Modi is the face, the figure of this election. He is the Statue of Victory. But this beyond-all-credibility tall sculpture has two principal co-architects. And, they are a ‘secret’. The first is that nameless, faceless, soul-less and most secretive entity, money. And its great co-architect, a grand collaborator, a joint sculptor is none other than the Indian National Congress.
Not Gujarat, not the BJP, it is the Congress that has gifted Modi to India. It is not the NDA’s image, or that of the BJP, it is UPA 2’s star-crossed innings that has choreographed the move of Modi from Gandhinagar to New Delhi. No party in office has ever obliged anti-incumbency with the ambidextrous prodigality of the Congress in UPA 2.
There is a third player to this win. Not a fellow-sculptor, perhaps, not a sthapati, but a saha-sthapati, an associate sculptor. And, let us make no mistake about it, that is Arvind Kejriwal.
In every seat contested by the BJP, the Congress and AAP, and won by the BJP, AAP has, without intending to do so, contributed, and contributed hugely, to the alloy of the win. Not too many BJP votes have moved to AAP, Congress votes have.
Hindutva does not travel, it stays put, grows in situ. Liberal secularism is all over the place, moving from vehicle to vehicle, first class to chair car to unreserved berths.
Narendra Modi will be the government, the government will be Narendra Modi. Everyone else, be he or she ever so senior, ever so prominent, will be irrelevant. He will be the mind, the face of the government.
The risk of the BJP/NDA becoming a mindless flock behind that face is strong. That will only lead to those not in the flock to act as cast-in-the-role rebels, hecklers, disruptors. Parliament cannot be allowed to wallow in short and disrupted sessions, with untransacted legislative business, un-redeemed assurances.
But more than those requirements of routine, the 16th Lok Sabha has to become an institution of conscience, a physical co-efficient of the Preamble to our Constitution, a House of very individual MPs, if not independent ones.

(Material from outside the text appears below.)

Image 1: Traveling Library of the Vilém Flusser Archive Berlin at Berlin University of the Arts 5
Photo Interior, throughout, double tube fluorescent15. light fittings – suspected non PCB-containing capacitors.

Matters like Article 370, a Uniform Civil Code, the Ram mandir in Ayodhya, a dangerous review of our nuclear policy, and, most importantly, minority self-confidence will require 24x7 alertness, struggle, on the part of the Opposition.

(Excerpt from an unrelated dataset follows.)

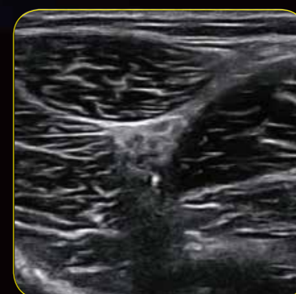
Sciatic Nerve Pop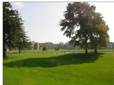
Views from Angel's Path & Angel's Pointe

That should be done, first, with due respect. No mocking, scoffing, scorning from now on. If, thus far, Modi was an aspirant, he now is an incumbent. He is the person and the office.
Next, the facing of that face should be done without fear. So, no worshipping or bowing either. If millions have voted for him, some fewer millions but millions nonetheless have voted against him. He knows that better than anyone else.

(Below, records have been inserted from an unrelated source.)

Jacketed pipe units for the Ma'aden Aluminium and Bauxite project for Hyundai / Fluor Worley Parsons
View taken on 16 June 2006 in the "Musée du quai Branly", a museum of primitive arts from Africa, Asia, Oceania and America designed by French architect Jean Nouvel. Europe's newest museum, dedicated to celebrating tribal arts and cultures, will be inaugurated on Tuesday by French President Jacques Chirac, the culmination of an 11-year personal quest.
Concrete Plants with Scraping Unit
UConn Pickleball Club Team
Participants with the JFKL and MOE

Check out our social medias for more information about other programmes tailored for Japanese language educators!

Will the Congress look him in the eye? It better do so, with due respect, but without fear. This will not be easy, for whenever a Congress MP rises to protest, a howl of counter-protests reminding the UPA of the CAG’s various reports alone will drown out his or her voice. That will be a great inhibitor, for quite some time.
MPs from parties that are in power in the states, like the TMC, AIADMK and BJD will, for sheer prudence, need to not alienate the Centre. They may oppose but will not challenge it.
So who will be the relentless guardian for secular, pro-poor, anti-monopoly, anti-corruption programmes that we will need? Who will be the guardian of the minorities against sheer fear?
It will have to be the Congress. But not the Congress as we have known it to be, post-Jawaharlal Nehru. Shaking off the vice-like grip of its skeletons, it will need to crawl back into its own pre-1964 DNA. It will need to re-discover its values from the debris of its opportunisms.
And if it does that it will re-discover in its veins the alchemisms of a struggle, and a struggle it will be, for all that the Preamble of our Constitution proclaims so eloquently but, alas, so helplessly.
(Gopalkrishna Gandhi is a former administrator, diplomat and governor. The views expressed by the author are personal.)